Data corruption is the accidental change of a file or the loss of info which usually occurs during reading or writing. The reason could be hardware or software failure, and consequently, a file could become partially or entirely corrupted, so it'll no longer work correctly because its bits shall be scrambled or missing. An image file, for instance, will no longer present an actual image, but a random combination of colors, an archive will be impossible to unpack as its content will be unreadable, and so on. In the event that such an issue occurs and it isn't recognized by the system or by an administrator, the data will become corrupted silently and in case this happens on a disk drive which is part of a RAID array where the data is synced between various different drives, the corrupted file shall be duplicated on all of the other drives and the harm will be permanent. A large number of popular file systems either do not offer real-time checks or don't have good ones that will detect an issue before the damage is done, so silent data corruption is a common problem on internet hosting servers where huge amounts of info are stored.

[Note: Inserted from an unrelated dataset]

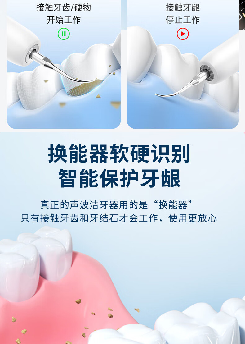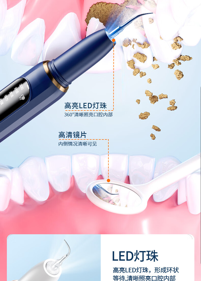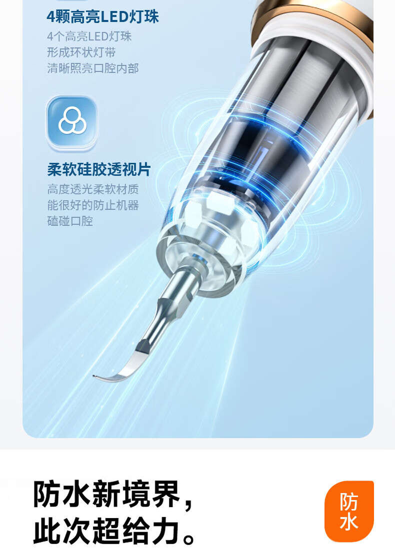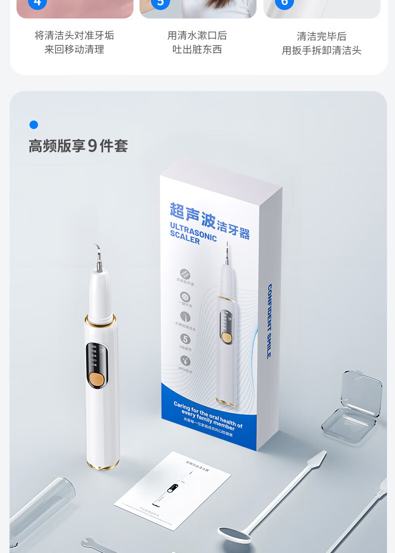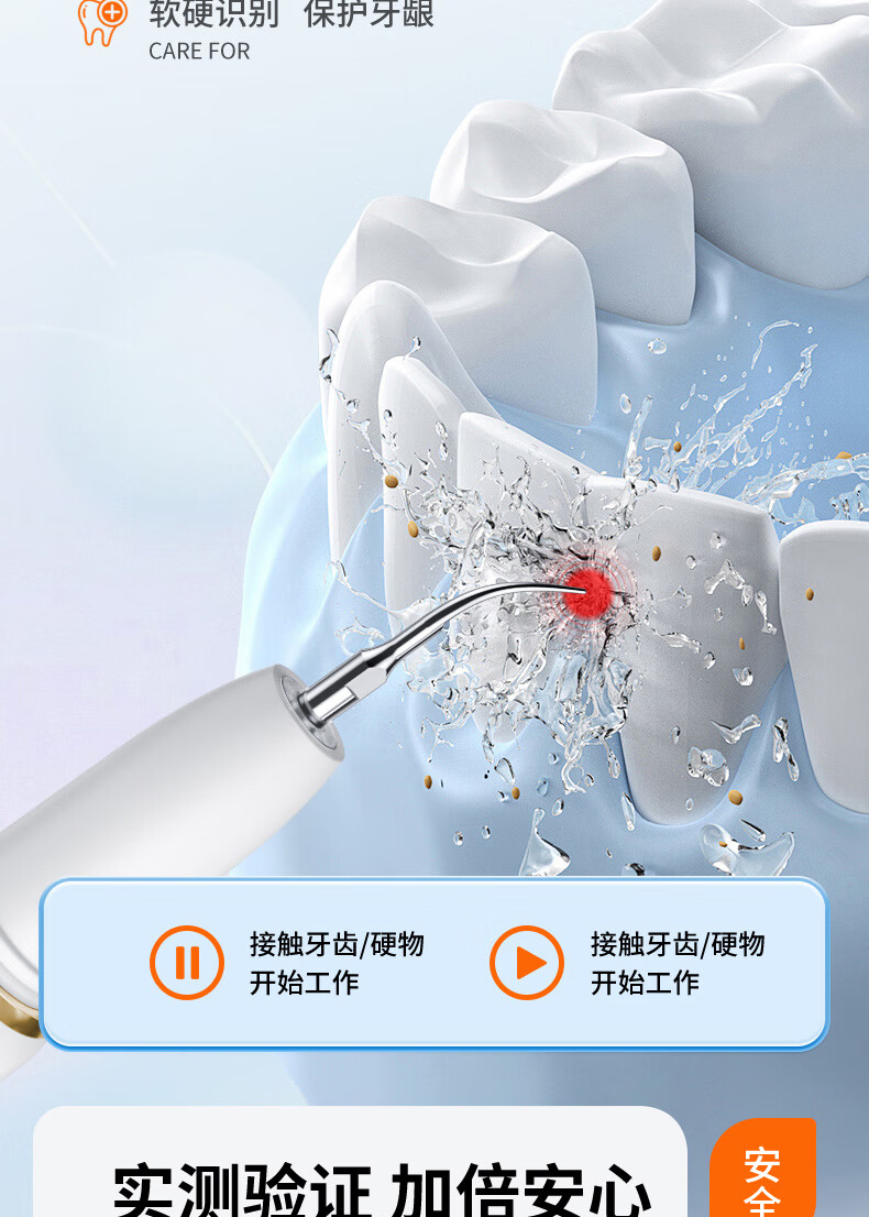 嘉柏兰超声波洁牙器洗牙器结石去除清洁牙齿牙垢冲洗器去黄牙结石清洁器烟渍茶渍工具送父母长辈 闪耀白(高频版)+2喷头+9件套

No Data Corruption & Data Integrity in Shared Hosting

We guarantee the integrity of the information uploaded in each and every shared hosting account which is created on our cloud platform because we employ the advanced ZFS file system. The latter is the only one that was designed to prevent silent data corruption thanks to a unique checksum for every single file. We shall store your info on multiple NVMe drives that function in a RAID, so exactly the same files will exist on several places at once. ZFS checks the digital fingerprint of all of the files on all of the drives in real time and if the checksum of any file is different from what it needs to be, the file system swaps that file with a healthy copy from a different drive inside the RAID. There's no other file system that uses checksums, so it's possible for data to get silently corrupted and the bad file to be duplicated on all drives with time, but since that can never happen on a server running ZFS, you won't have to worry about the integrity of your information.